We can know the first figure has pepper noise, the second input figure has salt noise, for first two figure, we can use median filter to reduce the noise. The third input figure has alt-and-pepper noise, we can use adaptive median filter. The fourth input figure has Gaussian noise, we can use Gaussian filter to restore the figure.
Matlab codes:
function f = RAMF(img) % adaptive median filter
[Im,In] = size(img);
nmin = 3;
nmax = 9;
Imf = img;
I_ex = [zeros((nmax-1)/2,In+(nmax-1));zeros(Im,(nmax-1)/2),img,zeros(Im,(nmax-1)/2);zeros((nmax-1)/2,In+(nmax-1))];
for x = 1:Im
for y = 1:In
for n = nmin:2:nmax
Sxy = I_ex(x+(nmax-1)/2-(n-1)/2:x+(nmax-1)/2+(n-1)/2,y+(nmax-1)/2-(n-1)/2:y+(nmax-1)/2+(n-1)/2);
Smax = max(max(Sxy));% Find the maximum number of pixels in the window
Smin = min(min(Sxy));%Find the minimum number of pixels in the window
Smed = median(median(Sxy));%Find the middle value of pixels in the window
% Determine if the median is a noise point
if Smed > Smin && Smed < Smax
% if the median is both greater than the minimum and less than the maximum
% If is, exit the if statement, increase the window size, and judge again
% is not, then the original value of the point is not a noise point
if Imf(x,y) <= Smin || Imf(x,y) >= Smax
% if the original value of the point is both greater than the minimum and less than the maximum, then it is not
%If not, then the output value, that is, not for processing
%If so, the median is printed
Imf(x,y) = Smed;
end
break
end
end
Imf(x,y) = Smed;
end
end
f = Imf;
end
function L=GaussianLow_11711118(I,setD0)
I=im2double(I);
M=2*size(I,1);
N=2*size(I,2); %the size of filter
u=-M/2:(M/2-1);
v=-N/2:(N/2-1);
[U,V]=meshgrid(u,v);
D=sqrt(U.^2+V.^2);
D0=setD0;
H=exp(-(D.^2)./(2*(D0^2))); %generate the Guassian filter
J=fftshift(fft2(I,size(H,1),size(H,2)));
G=J.*H;
L=ifft2(fftshift(G));
L=L(1:size(I,1),1:size(I,2));
end
Result and analysis:
We can see that the output figure had lost some high frequency information. And another question is the figure had an edge which I cannot reduce. For instance, like on the top edge of the output figure of the third figure has a line:
Question2: full inverse filtering Principle of full inverse filtering:
We can find that the input figure of question 2 is a figure blurred by atmosphere turbulence. So that we can use full inverse filter to restore the figure.
Matlab codes:
image_d=imread('Q4_2.tif');
ff=im2double(image_d);%The image gray value is normalized to 0-1
% Fourier transfrom
f_Id=fft2(ff);
f_Id=fftshift(f_Id);
fH_Id=f_Id;
[M,N]=size(fH_Id);
% set the threshold
threshold=90;
if threshold>M/2
fH_Id=fH_Id./(H+eps);
else
%Filter within a certain radius
for i=1:M
for j=1:N
if sqrt((i-M/2).^2+(j-N/2).^2)<threshold
fH_Id(i,j)=fH_Id(i,j)./(H(i,j)+eps);
end
end
end
end
% Perform the inverse Fourier transform
fH_Id1ftshift(fH_Id);
f_new=ifft2(fH_Id1);
f_new=uint8(abs(f_new)*255);
imshow(f_new);
title('output figure with threshold=90');
Result and analysis:
With the threshold value is 90, we can find that the effect of atmosphere turbulence had been reduced.

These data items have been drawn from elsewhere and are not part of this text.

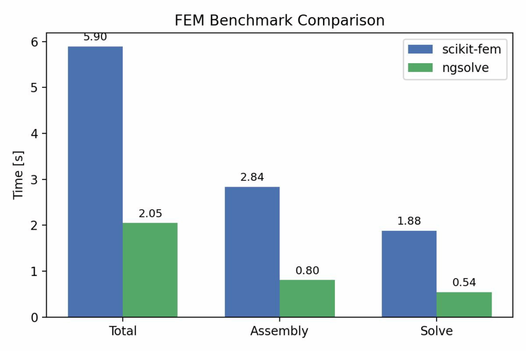 Pure-Python scikit-fem is highly flexible, stable, and very easy to work with. On the other hand, it may have limitations in terms of computation time. NGSolve, in contrast, is a library whose backend runs in C++, so it is expected to be faster. Its native implementation is also highly flexible. Therefore, we decided to compare the computation time and implementation characteristics of the two.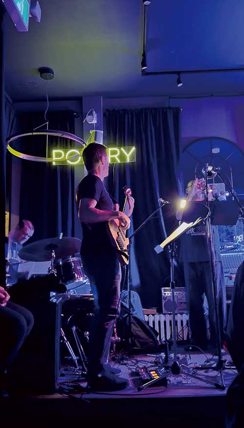扉を開けると、案の定の大混雑。赤と青のネオンで“Jazz Poetry Cafe”と描かれた古いフォントの看板が、薄暗い店内にぼんやりと浮かび上がっている。人々の熱気とざわめき、そしてリズムが渦を巻いていた。早めに到着していた友人は、どうにか席を確保しようと奮闘してくれていたらしい。店の端っこの椅子にちょこんと腰掛け、雑踏に肩を窮屈そうに押されながら、私を見つけて安心したように小さく手を振っている。ありがとう友人。でも正直、立ち見でもよかったんだ。この密集感と肌で感じる雰囲気が好きだから。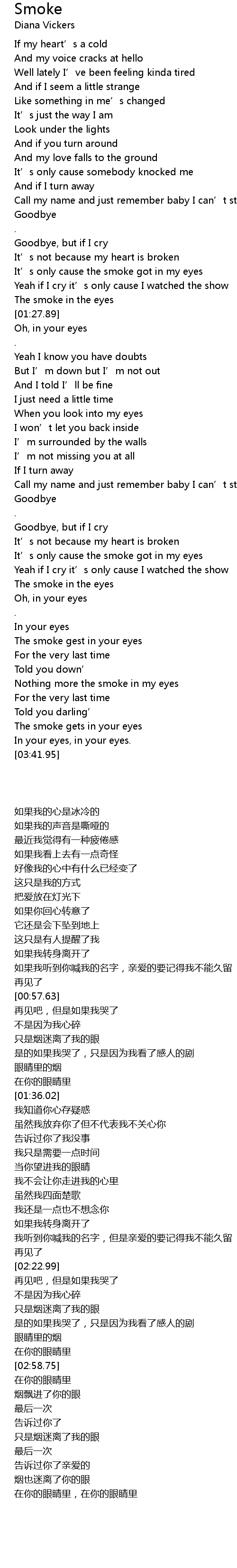 | [02:35.69] | It' s only cause the smoke got in my eyes |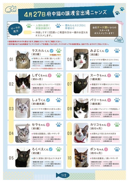 | その他(譲渡条件など) | ୨୧⌒⌒⌒⌒⌒⌒⌒⌒⌒⌒⌒⌒⌒⌒⌒୨୧ 府中駅直結⭐︎譲渡会のお知らせ ୨୧⌒⌒⌒⌒⌒⌒⌒⌒⌒⌒⌒⌒⌒⌒⌒୨୧ 【 日時 】4月27日(日)13時〜15時半まで 【 場所 】LIGHT UP LOBBY (ホテル ケヤキゲート 東京府中2F) ※混雑時は整理券を配布。ご予約は必要ありません。 https://chuneko.exblog.jp/32603337/(会場へのご案内) ※会場への直接のお問い合わせはお控えください。 ご質問はfuchu_nekonokai@yahoo.co.jpまで こんにちは。『NPO法人府中猫の会』です。 地元のTNR活動&保護活動(野良猫を増やさない取り組みや行き場のない猫達の保護)に尽力しているボランティア団体です。 その他にも当ボランティアの取り組みとして、地方の行き場のない猫達の保護にも力をを入れております。 今まで『熊本殺処分STOPプロジェクト』を掲げて約200匹の猫達を空輸して来ました。 そして、今現在は『沖縄プロジェクト』に着手しております。現在沖縄(やんばる地区)から20匹を空輸して来ました。 今回の譲渡会でご紹介する子達は沖縄っ子達ばかりが参加します。 みんな、どの子も行き場のない子達ばかりです。 一生の家族を求めて譲渡会に出場しますのでどうぞよろしくお願い申し上げます。 ◉大きめ子猫は去勢or避妊手術済み。 ◉参加する猫達はみんなお留守番が長時間OK。お仕事をフルタイムでお持ちのご家庭でも問題なく迎えていただけます。 自信を持って、この度もかわいい子ども達をご紹介させていただきます! 血液検査、ワクチン2回接種、マイクロチップ装着、全ての医療を終えております。ご安心ください。 活動内容や保護猫達の様子が気になる方は、ぜひ!YouTubeちゅー猫チャンネルをご視聴ください。 ↓↓↓ ฅ^•ﻌ•^ฅ♡ちゅー猫チャンネル https://youtube.com/@chuneko 【 よくあるご質問 】 ◆猫を飼いたい。でも保護猫ってハードルが高い気がする… その点はご安心ください。出場する全ての猫達はみんな家猫訓練を受けており、トイレ訓練もパーフェクトな猫達です。 猫飼い初心者OKな猫ちゃんも多数出場します。 ◆60歳を超えているが、猫を迎えたい。 今時の60代様、70代様は、大変お若くアグレッシブでいらっしゃいます! そんな方々にはぜひ成猫さんをオススメさせていただきます。 今回出場する成猫さんは、捨てられた子達ばかりです。(多頭崩壊、飼育放棄、夜逃げによる強制執行) みんな心に傷を負っている子達を保護しております。しばらく心のケアや家猫訓練をバスした子達を出場させますので、ぜひ!会いに来てください。 ※60歳以上の方は後継人をお願いしております。後継人の方とご来場いただくと私達も選考しやすいのでよろしくお願いします。 ◆わが子の為にも保護猫を迎えたい!しかし、私達家族一同、猫を飼うのは初めてです。どうしたらいいですか? そのようなご家庭こそぜひ!お待ちしております! 猫ちゃんの魅力を知っていただきたいのと、お子様が保護猫達と一緒に育つ事により『命に優しい情操教育』となると願っている当会です。 喜んでお待ちしております。 ※猫アレルギー問題があります。初めて猫を飼う方は猫アレルギー検査を事前にしていただくと私達も選考しやすいです。 特にお子様には必ず検査をお願いします。 ◆仕事があって、お留守番をさせるのが心配… ご心配はご無用です! 今回出場する子達はみんな成猫さんなので、一日フルタイムでお仕事をお持ちのご家庭でも問題なく迎えていただける子達ばかりです。 【 譲渡会にご参加くださる方々へ 】 ₍ᐞ•༝•ᐞ₎◞ ̑̑ ◎混雑を防ぐ為、入場制限をさせていただきますが、ご予約の必要はございません。 入り口カウンターにてスタッフが整理券を配布いたしますのでご協力お願い申し上げます。 ₍ᐞ•༝•ᐞ₎◞ ̑̑ ◎初めて猫ちゃんを迎える方(特にお子様のいるご家庭)は、猫アレルギーの有無を明確にしてくださると選考しやすいです。 ₍ᐞ•༝•ᐞ₎◞ ̑̑ ◎譲渡会はお見合いのみの場となっております。 ご来場前に必ず下記の事項をご参照ください。 ▶︎譲渡会のシステムについて◀︎ https://chuneko.exblog.jp/32604872/ 【見学希望やご支援者の方々へ】 ₍ᐞ•༝•ᐞ₎◞ ̑̑ いつもありがとうございます♡ 会場はホテルのカフェとなっております。 お飲み物をご注文くださればお席にご案内いたします。(入口スタッフに一言お申し出ください。) 大変申し訳ないのですが、里親希望の方々を優先的にご案内させていただくのをご了承の上、お越し下されば幸いです。 会場では、ちゅー猫オリジナルグッズも販売しております。 普段、ネットで販売している公式グッズの現物をお手に取ってご覧いただけます。 |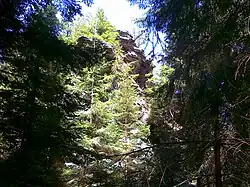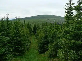 All types of forestation can be found here: spruce forest, mixed forest,[c] and deciduous forest, with spruce forest predominating.[6][7] On the western, northeastern, and eastern slopes, mixed forest areas appear as the altitude decreases, and on the western and eastern slopes, even small areas of deciduous forest can be found.[6][7] Due to the large area of the mountain, almost all slopes feature thinnings, clearings, glades, and meadows.[7] Larger rock formations are found on the northern Stráně slope, the southern slope near the secondary summit Orlík–JV, and the eastern Dlouhá slope, which also features numerous rock groups.[6] On the eastern Dlouhá slope, about 1,170 meters east of the peak, at an elevation of 1,025 meters above sea level, lies a rock group named Dlouhá.[2][6]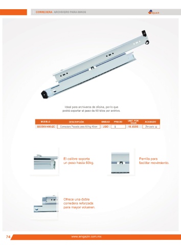 BS35KV-400-ZC Corredera Pesada para 60 kg 40cm JGO $ 10 JGOS Zincado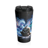 Unveil the majesty of the night skies with our 'Celestial Sentinel' Stainless Steel Travel Mug, a 15 oz tribute to the eternal guardians of myth and cosmos. This travel companion is more than a container; it's a portal to an epic saga. Wrapped around its sleek, stainless steel body is the stunning depiction of Astrid, the storied Cosmic Guardian, in a silent pact of protection with the luminous Astral Phoenix, whose feathers ripple with the fabric of the universe.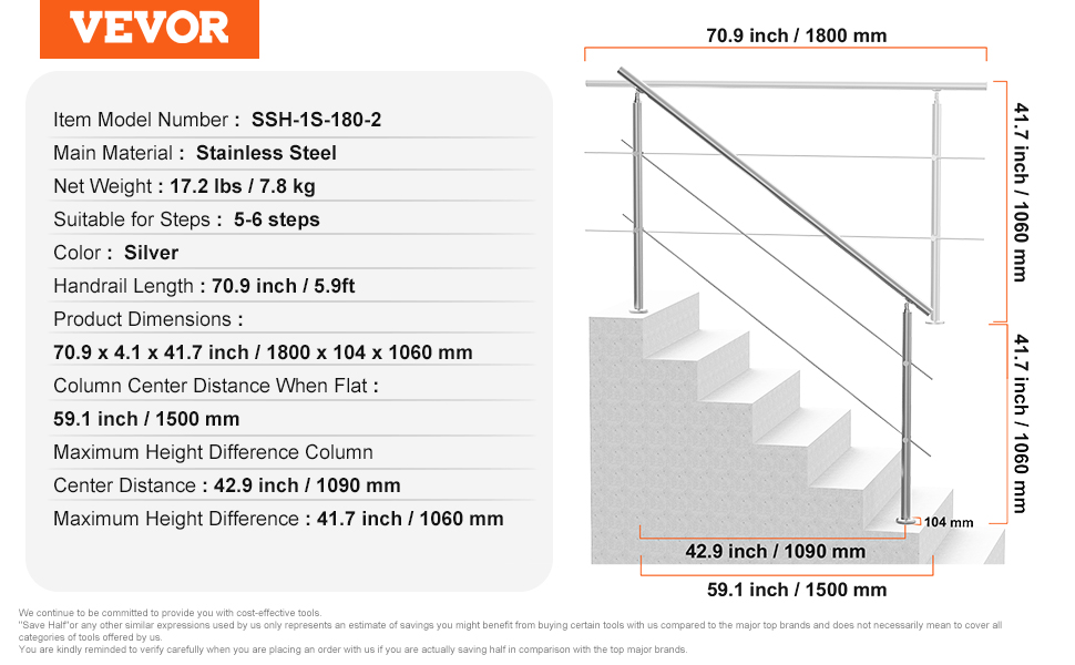 Spoľahlivé stĺpikové zábradlie VEVOR z nehrdzavejúcej ocele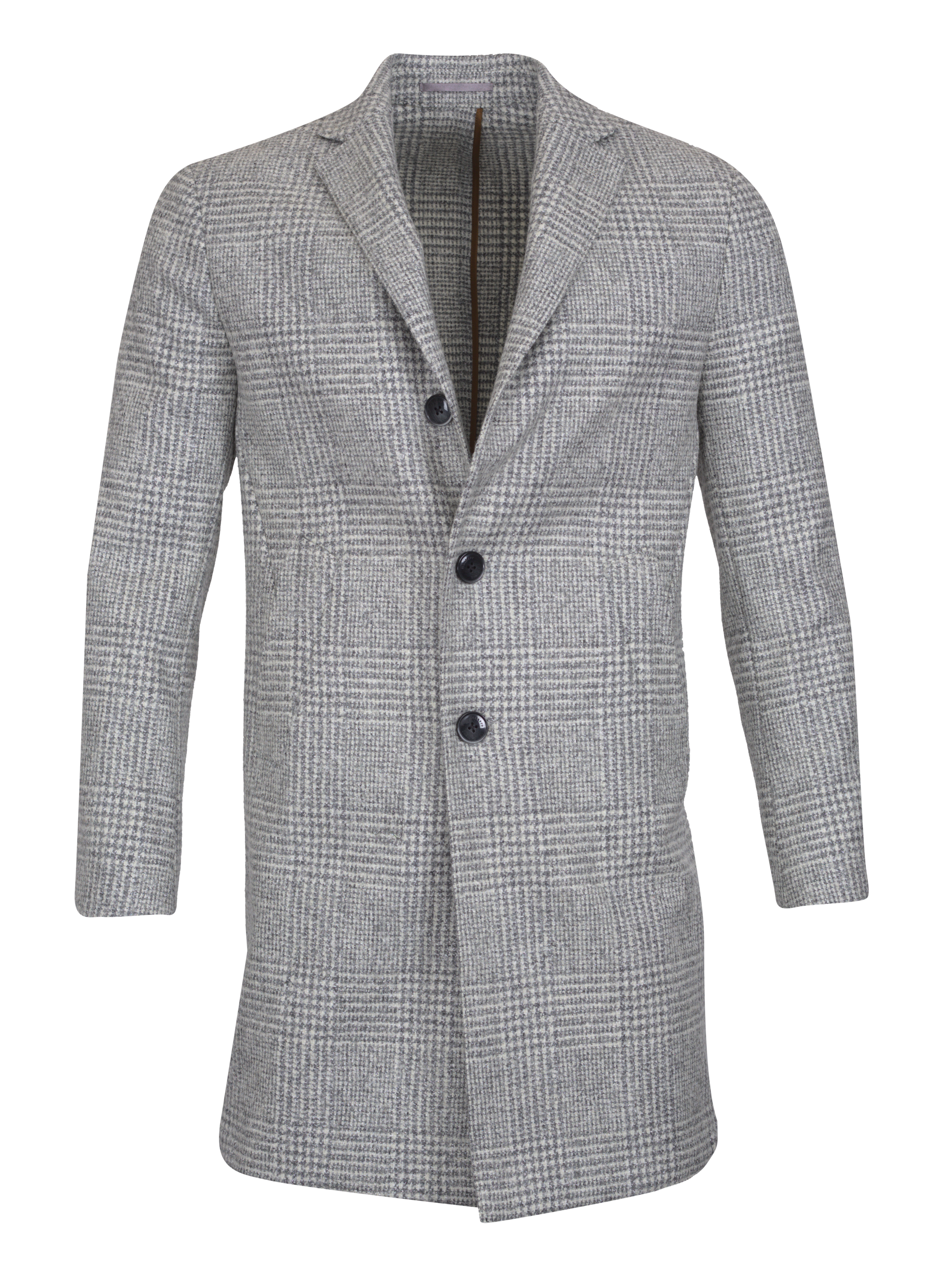 Wollmantel, Gerade Passform, Drei Innentaschen, Zwei Außentaschen, Gehschlitz, Knopfverschluss, Karo-Muster, Reverse-Kragen

Question3: Butterworth notch filtersWe can see that the first two picture have noise easily. Then we can take a look at the histogram and frequency domain to determine which kind of noise the input figures have.
We can find that the frequency domain figure can give us nothing. So we need to look at the histogram, we can guess the noise is Gaussian noise.
So, we use the Gaussian lowpass filter to reduce the noise.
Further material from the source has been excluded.